Building Meesho’s ML Platform: Lessons from the First-Gen System (Part 2)

By late 2022, we had built something we were truly proud of—a real-time ML serving system with a DAG-based executor, a feature store, and an interaction store powering key ranking and personalization models. It was a major milestone, the culmination of months of effort from data scientists, ML engineers, and backend teams. Our system was live, and we were ready to push the boundaries of experimentation. And it worked. Mostly. But soon, cracks appeared. Every new model needed custom feature retrieval logic, DAGs became dense and unmanageable, and scaling turned into a constant firefight. Costs surged, and infra bottlenecks slowed experimentation. Our system worked, but it wasn’t built for scale. This is the story of how we tackled these challenges—building Inferflow for seamless feature retrieval, optimizing real-time infra, and cutting costs while scaling to millions of QPS.

The Cost of Success

Every new Ranker model required its own feature set, often pulling from different entities. Each addition meant:

• Adding new DAG nodes in IOP
• Writing custom logic to fetch features from multiple sources (e.g., user, product, user × category)
• Inferring intermediate features (e.g., extracting category from a product to fetch user × category data)
• Optimizing I/O and dealing with the inevitable bugs

What began as clean DAGs soon turned into a tangled web of cross-dependent graphs. Every experimentation cycle meant new nodes, new dependencies, and slower iterations.

Scaling Pains (and Cassandra’s Limits)

At some point, we were hitting:

• 250–300K reads/sec
• 1M writes/sec (during lean hours)

All of this ran on Cassandra. While its distributed architecture had been proven in production, operating large-scale clusters came with considerable infrastructure overhead. Our proof-of-concept (POC) demonstrated throughput of around 100K ops/sec, but as we scaled further, the challenges grew. Ensuring node health, optimizing compaction, and maintaining storage balance became increasingly demanding.
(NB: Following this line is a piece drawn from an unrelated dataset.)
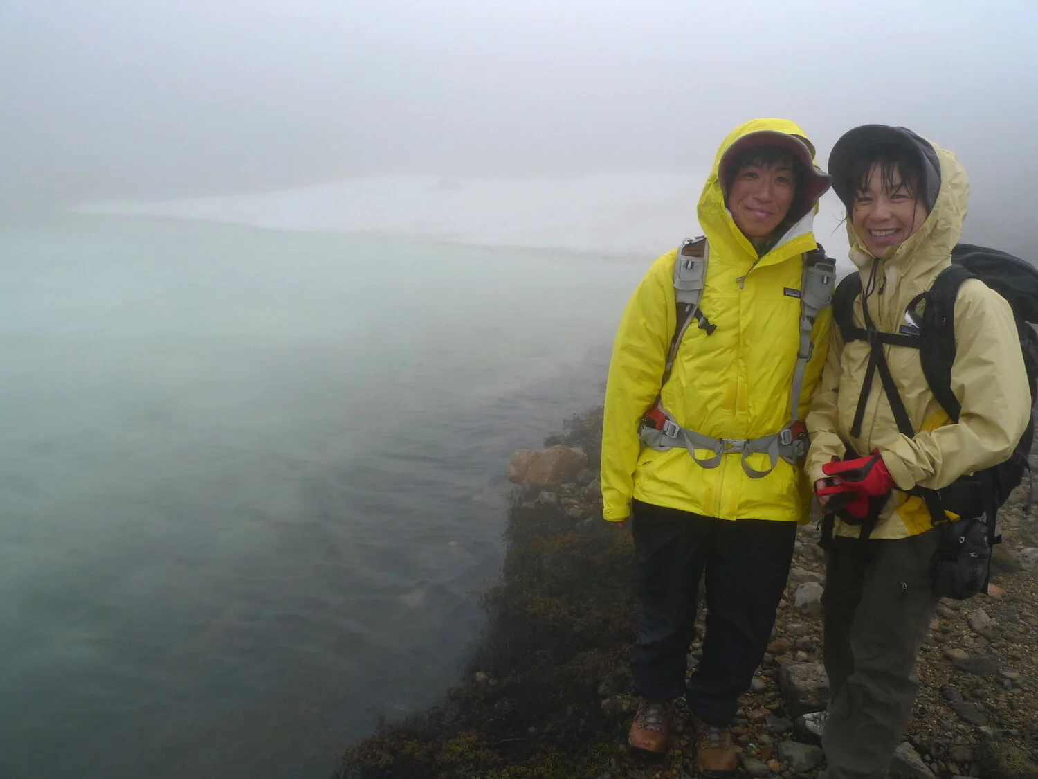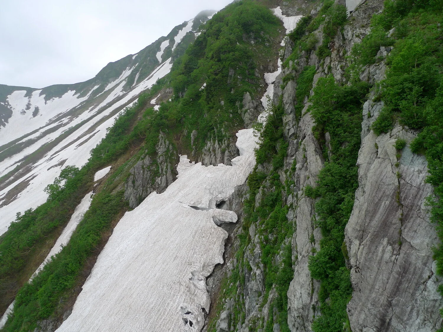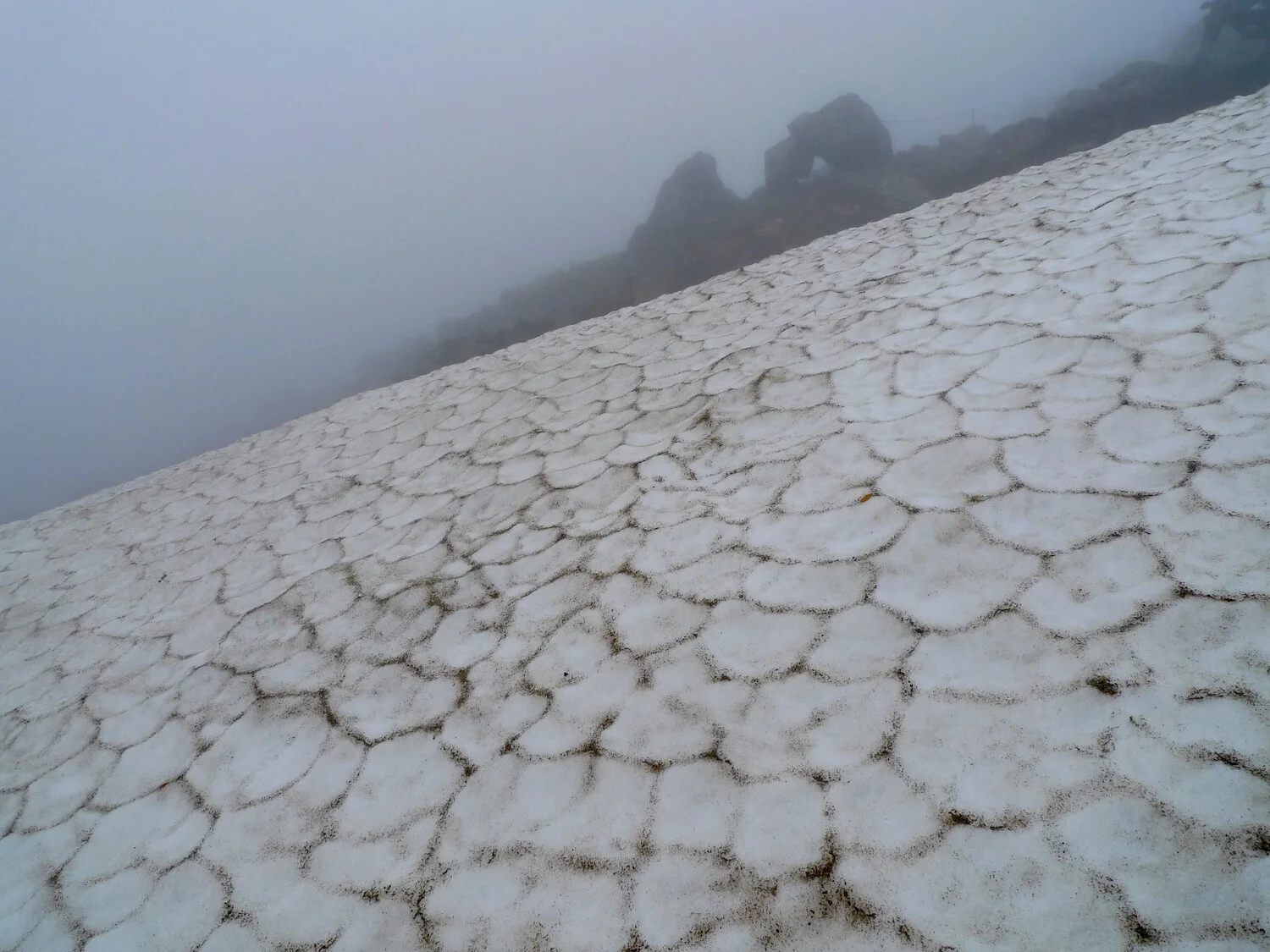 Crossing a snowbank on the way down from Ontake summit to Nino-ike

We also observed latency spikes under heavy load, alongside a sharp increase in total cost of ownership.

Interaction Store Woes

Our interaction store was another ticking time bomb:

• 🚨 Clusters kept growing in size and cost
• 🚨 Latency spikes became increasingly frequent
• 🚨 The DMC proxy occasionally lost locality of nodes against shards, causing cross-node communication and degraded performance

Each time this happened, we had to manually rebalance shards just to restore stable latency, making operations unsustainable at scale.

Silver Linings

Despite the chaos, the system was live and delivering value:

• Real-time infrastructure was in production
• Costs dropped by 60–70% compared to offline personalization
• New experiments rolled out faster and more successfully
• User engagement metrics improved

It wasn’t perfect. It was far from easy. But it worked—and that counted for a lot.

Round Two: Solving the Top 2 Bottlenecks

With the first-gen system stretched to its limits, we stepped back. Conversations with data scientists and backend engineers revealed three recurring pain points:

1. Coding feature retrieval logic for every new model was becoming unsustainable
2. ML scale was exploding—bringing rising infra costs with it
3. Real-time embedding search was the next big unlock

We tackled them one by one—starting with the biggest pain point.

Problem 1: No-Code Feature Retrieval for Model Inference

We noticed a pattern: for personalized ranking, models needed features from:

• ✅ Product
• ✅ User
• ✅ User × Category
• ✅ Region, cohort, sub-category, etc.

A key insight emerged: Entities that contribute features for a model always map back to the context entities.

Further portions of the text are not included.